#### Work to be completed
What you submit must be an exact copy of the listing below, with no images in it.

#### Record set
----------------

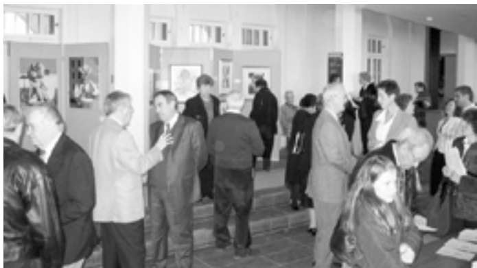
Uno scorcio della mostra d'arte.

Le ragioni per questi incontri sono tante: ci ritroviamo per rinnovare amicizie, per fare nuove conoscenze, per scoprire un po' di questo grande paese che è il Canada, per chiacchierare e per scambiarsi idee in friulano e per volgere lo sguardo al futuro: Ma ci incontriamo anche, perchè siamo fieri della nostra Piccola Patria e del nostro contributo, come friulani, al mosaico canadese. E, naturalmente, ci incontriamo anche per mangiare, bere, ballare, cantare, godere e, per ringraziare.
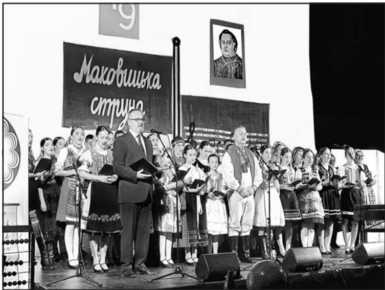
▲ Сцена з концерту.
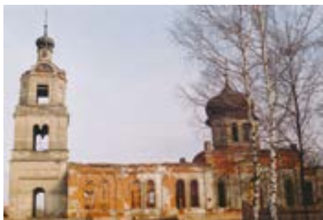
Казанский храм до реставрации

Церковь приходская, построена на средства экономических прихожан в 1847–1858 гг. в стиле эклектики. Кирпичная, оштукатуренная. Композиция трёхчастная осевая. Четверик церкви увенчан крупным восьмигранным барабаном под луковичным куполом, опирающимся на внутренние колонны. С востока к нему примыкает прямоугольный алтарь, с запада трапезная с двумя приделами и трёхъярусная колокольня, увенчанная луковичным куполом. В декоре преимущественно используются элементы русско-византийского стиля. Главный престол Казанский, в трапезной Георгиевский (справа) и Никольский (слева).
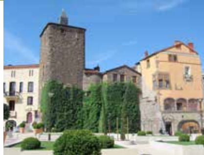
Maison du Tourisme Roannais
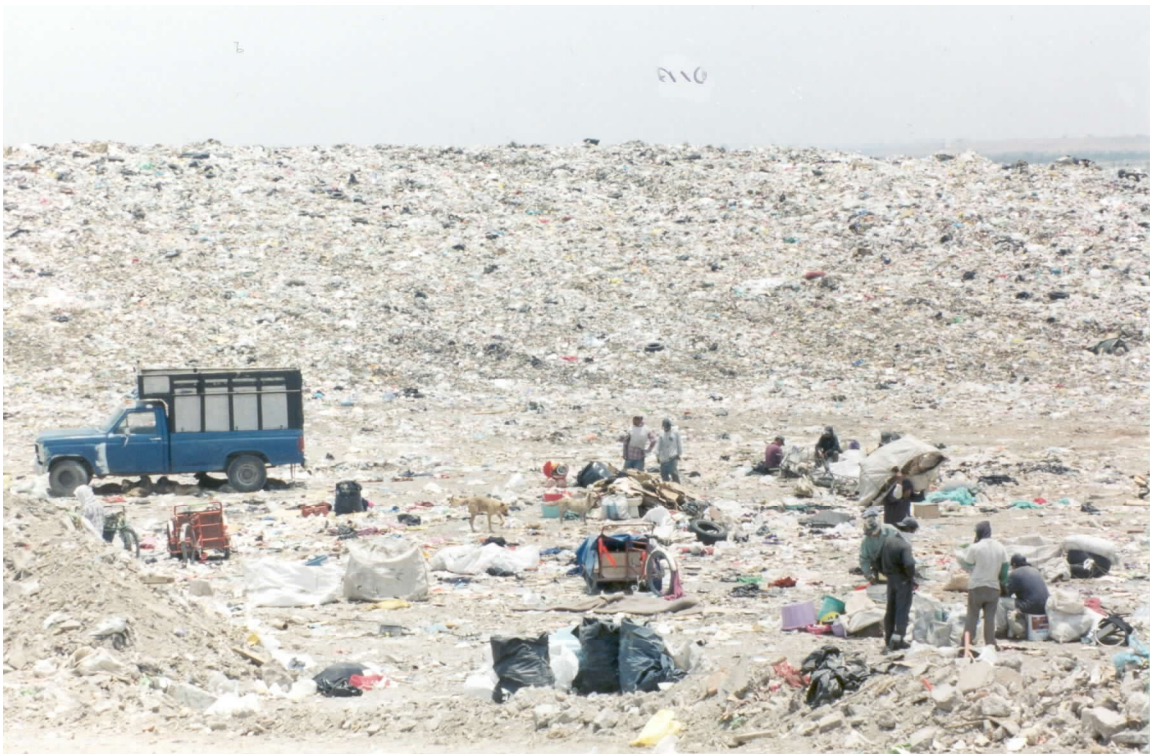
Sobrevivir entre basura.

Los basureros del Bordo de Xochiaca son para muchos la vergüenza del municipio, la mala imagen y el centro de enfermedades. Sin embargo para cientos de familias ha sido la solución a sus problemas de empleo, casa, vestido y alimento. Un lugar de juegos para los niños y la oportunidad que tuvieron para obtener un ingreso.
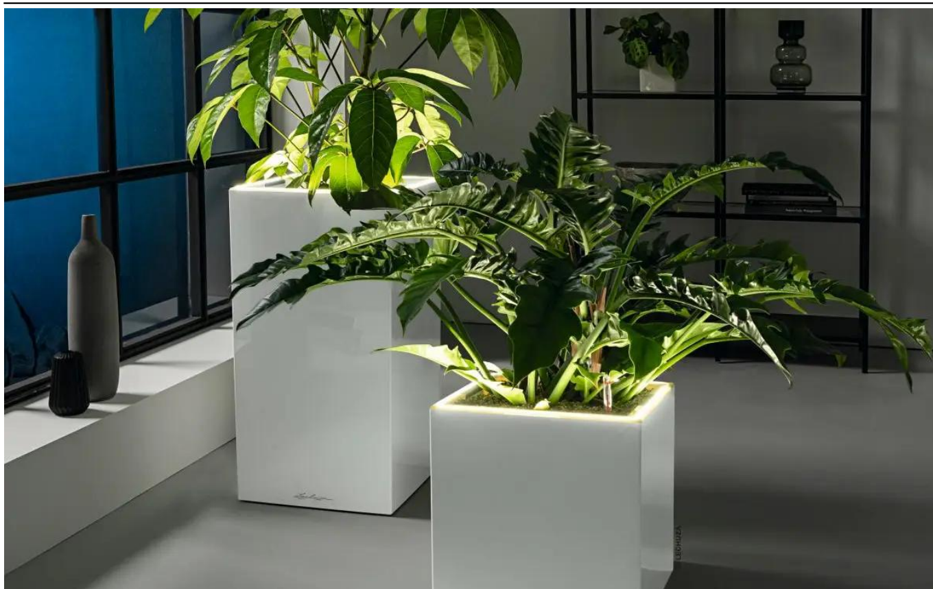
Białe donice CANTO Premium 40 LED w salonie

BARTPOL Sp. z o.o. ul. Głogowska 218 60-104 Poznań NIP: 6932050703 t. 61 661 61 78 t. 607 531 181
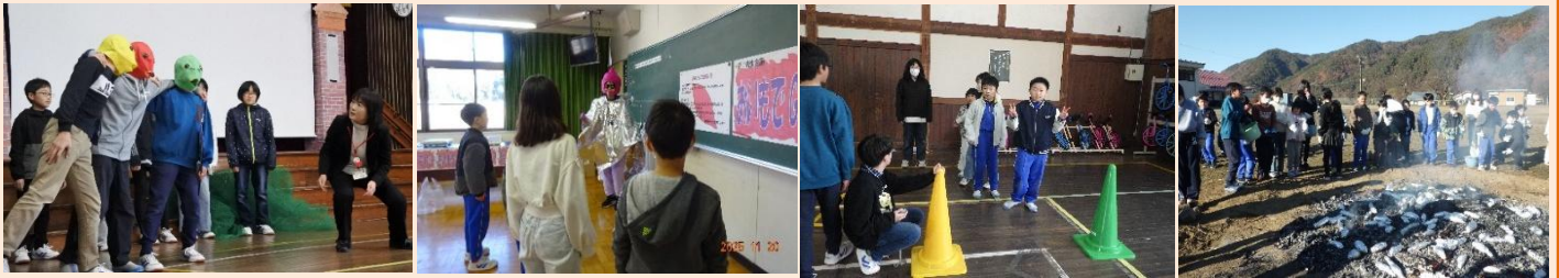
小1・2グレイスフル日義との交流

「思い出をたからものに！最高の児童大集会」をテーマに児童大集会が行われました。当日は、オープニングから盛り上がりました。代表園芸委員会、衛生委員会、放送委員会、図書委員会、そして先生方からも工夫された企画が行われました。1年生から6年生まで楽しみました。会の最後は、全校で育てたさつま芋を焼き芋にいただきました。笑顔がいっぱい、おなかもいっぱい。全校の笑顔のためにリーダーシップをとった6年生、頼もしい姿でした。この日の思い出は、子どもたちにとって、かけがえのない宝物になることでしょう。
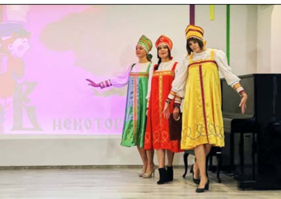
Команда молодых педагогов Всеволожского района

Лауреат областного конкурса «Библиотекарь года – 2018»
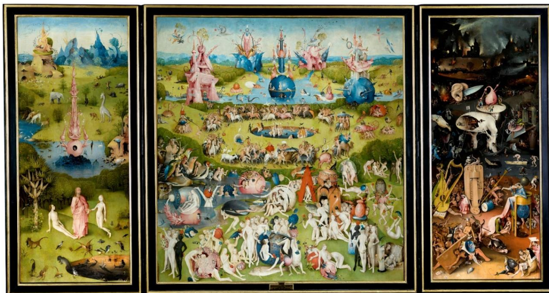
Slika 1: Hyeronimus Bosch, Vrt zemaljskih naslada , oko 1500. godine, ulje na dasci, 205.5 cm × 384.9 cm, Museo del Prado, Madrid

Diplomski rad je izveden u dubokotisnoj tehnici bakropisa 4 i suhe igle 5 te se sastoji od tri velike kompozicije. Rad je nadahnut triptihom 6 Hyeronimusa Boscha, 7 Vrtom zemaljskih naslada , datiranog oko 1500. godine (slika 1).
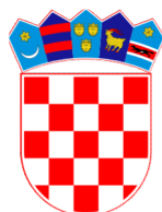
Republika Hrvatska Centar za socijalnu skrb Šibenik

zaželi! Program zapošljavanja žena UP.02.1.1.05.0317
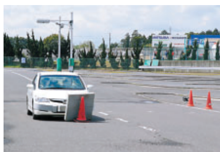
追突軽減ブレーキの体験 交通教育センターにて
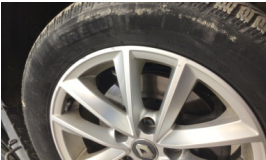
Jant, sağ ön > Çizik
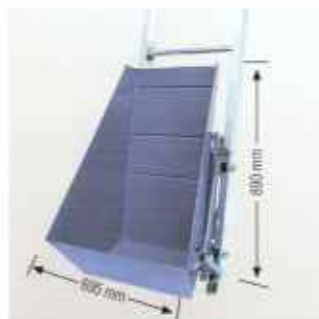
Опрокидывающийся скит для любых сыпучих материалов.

----------------

#### Exercise result
Uno scorcio della mostra d'arte.

Le ragioni per questi incontri sono tante: ci ritroviamo per rinnovare amicizie, per fare nuove conoscenze, per scoprire un po' di questo grande paese che è il Canada, per chiacchierare e per scambiarsi idee in friulano e per volgere lo sguardo al futuro: Ma ci incontriamo anche, perchè siamo fieri della nostra Piccola Patria e del nostro contributo, come friulani, al mosaico canadese. E, naturalmente, ci incontriamo anche per mangiare, bere, ballare, cantare, godere e, per ringraziare.
▲ Сцена з концерту.
Казанский храм до реставрации

Церковь приходская, построена на средства экономических прихожан в 1847–1858 гг. в стиле эклектики. Кирпичная, оштукатуренная. Композиция трёхчастная осевая. Четверик церкви увенчан крупным восьмигранным барабаном под луковичным куполом, опирающимся на внутренние колонны. С востока к нему примыкает прямоугольный алтарь, с запада трапезная с двумя приделами и трёхъярусная колокольня, увенчанная луковичным куполом. В декоре преимущественно используются элементы русско-византийского стиля. Главный престол Казанский, в трапезной Георгиевский (справа) и Никольский (слева).
Maison du Tourisme Roannais
Sobrevivir entre basura.

Los basureros del Bordo de Xochiaca son para muchos la vergüenza del municipio, la mala imagen y el centro de enfermedades. Sin embargo para cientos de familias ha sido la solución a sus problemas de empleo, casa, vestido y alimento. Un lugar de juegos para los niños y la oportunidad que tuvieron para obtener un ingreso.
Białe donice CANTO Premium 40 LED w salonie

BARTPOL Sp. z o.o. ul. Głogowska 218 60-104 Poznań NIP: 6932050703 t. 61 661 61 78 t. 607 531 181
小1・2グレイスフル日義との交流

「思い出をたからものに！最高の児童大集会」をテーマに児童大集会が行われました。当日は、オープニングから盛り上がりました。代表園芸委員会、衛生委員会、放送委員会、図書委員会、そして先生方からも工夫された企画が行われました。1年生から6年生まで楽しみました。会の最後は、全校で育てたさつま芋を焼き芋にいただきました。笑顔がいっぱい、おなかもいっぱい。全校の笑顔のためにリーダーシップをとった6年生、頼もしい姿でした。この日の思い出は、子どもたちにとって、かけがえのない宝物になることでしょう。
Команда молодых педагогов Всеволожского района

Лауреат областного конкурса «Библиотекарь года – 2018»
Slika 1: Hyeronimus Bosch, Vrt zemaljskih naslada , oko 1500. godine, ulje na dasci, 205.5 cm × 384.9 cm, Museo del Prado, Madrid

Diplomski rad je izveden u dubokotisnoj tehnici bakropisa 4 i suhe igle 5 te se sastoji od tri velike kompozicije. Rad je nadahnut triptihom 6 Hyeronimusa Boscha, 7 Vrtom zemaljskih naslada , datiranog oko 1500. godine (slika 1).
Republika Hrvatska Centar za socijalnu skrb Šibenik

zaželi! Program zapošljavanja žena UP.02.1.1.05.0317
追突軽減ブレーキの体験 交通教育センターにて
Jant, sağ ön > Çizik
Опрокидывающийся скит для любых сыпучих материалов.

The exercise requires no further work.